[DATA SHOWN]

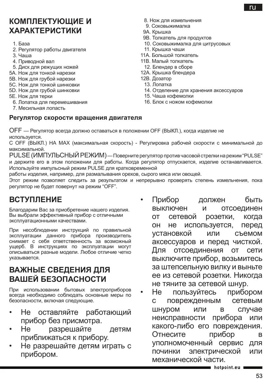 Скачайте инструкцию для вашего Кухонный комбайн в формате PDF бесплатно! Найдите своё руководство FP 1005 AX0 - HOTPOINT и возьмите своё электронное устройство обратно в руки. На этой странице опубликованы все документы, необходимые для использования вашего устройства. FP 1005 AX0 бренда HOTPOINT.
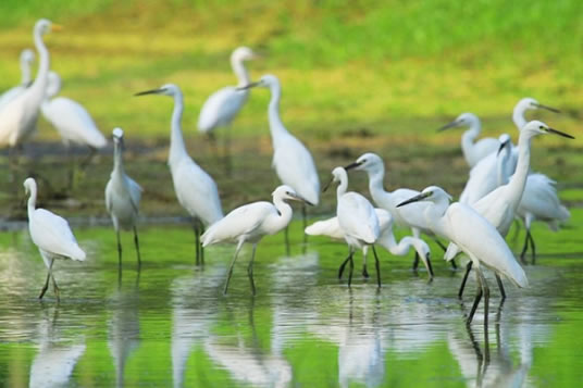 鷺鷥天堂位于海南省屋基村。村中三、四層樓高的三棵大榕樹和茂林修竹,成為萬只白鷺生活的"天堂"。白鷺又稱鷺鷥,屬鳥綱鶴形目鷺科,是世界上受保護(hù)的珍禽之一。白鷺群棲于屋基村已有多年。每年臨近清明成群結(jié)隊(duì)飛來,12月以后分批離去,在此生活八、九個(gè)月之久。為便于觀鳥,村中修建了高達(dá)6層的觀鳥樓。
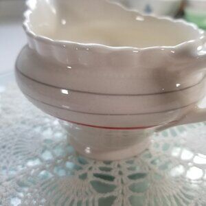 J & G Meakin Creamer by Sol 39143 White with Red and Silver Stripes Vintage
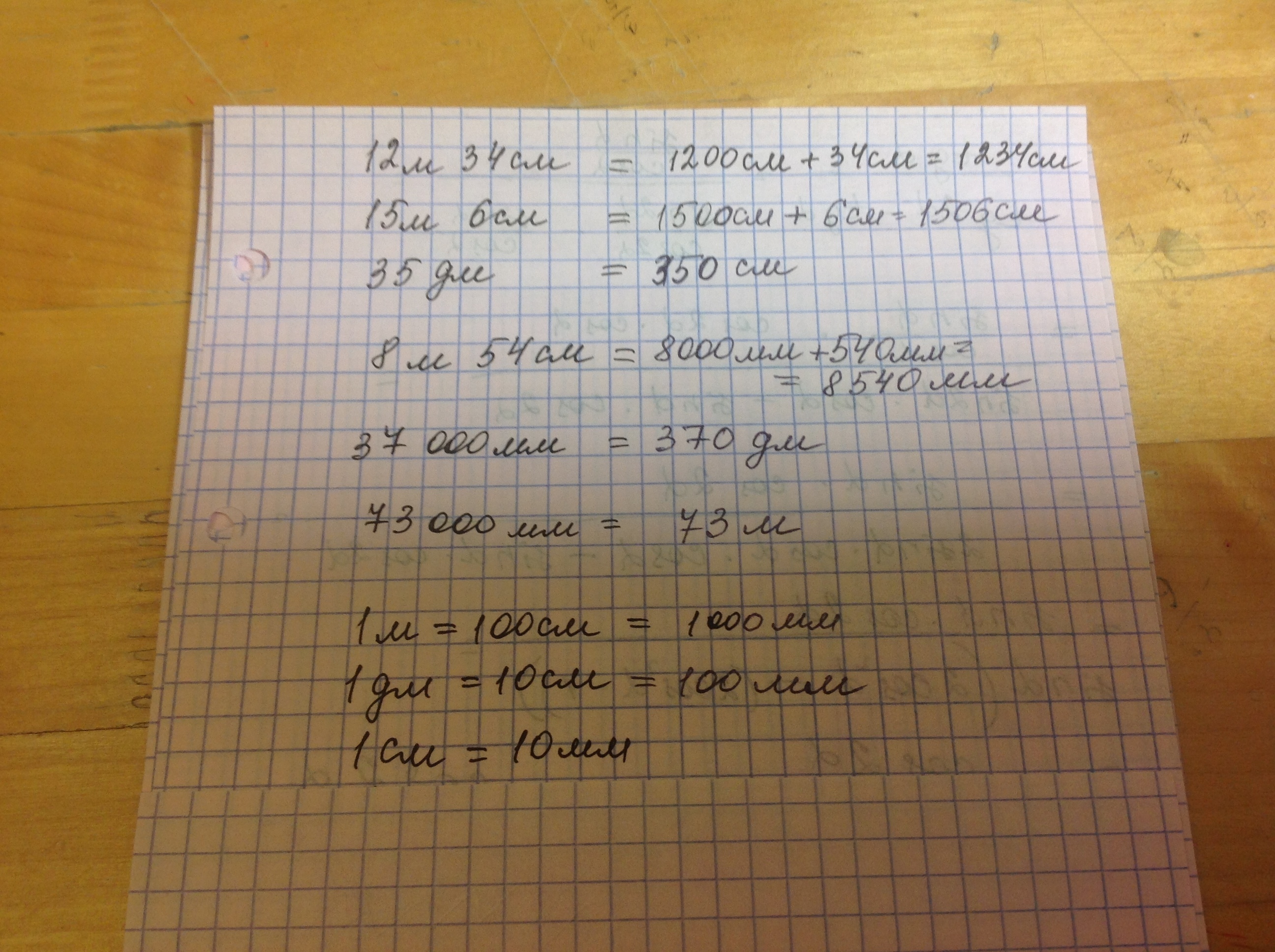 В см: 12 м 34 см; 15 м 6 см ; 35 дм;

[/DATA SHOWN]

Since pictures are not part of the copy, set down only the remaining data exactly.

THE ANSWER →
 Скачайте инструкцию для вашего Кухонный комбайн в формате PDF бесплатно! Найдите своё руководство FP 1005 AX0 - HOTPOINT и возьмите своё электронное устройство обратно в руки. На этой странице опубликованы все документы, необходимые для использования вашего устройства. FP 1005 AX0 бренда HOTPOINT.
 鷺鷥天堂位于海南省屋基村。村中三、四層樓高的三棵大榕樹和茂林修竹,成為萬只白鷺生活的"天堂"。白鷺又稱鷺鷥,屬鳥綱鶴形目鷺科,是世界上受保護(hù)的珍禽之一。白鷺群棲于屋基村已有多年。每年臨近清明成群結(jié)隊(duì)飛來,12月以后分批離去,在此生活八、九個(gè)月之久。為便于觀鳥,村中修建了高達(dá)6層的觀鳥樓。
 J & G Meakin Creamer by Sol 39143 White with Red and Silver Stripes Vintage
 В см: 12 м 34 см; 15 м 6 см ; 35 дм;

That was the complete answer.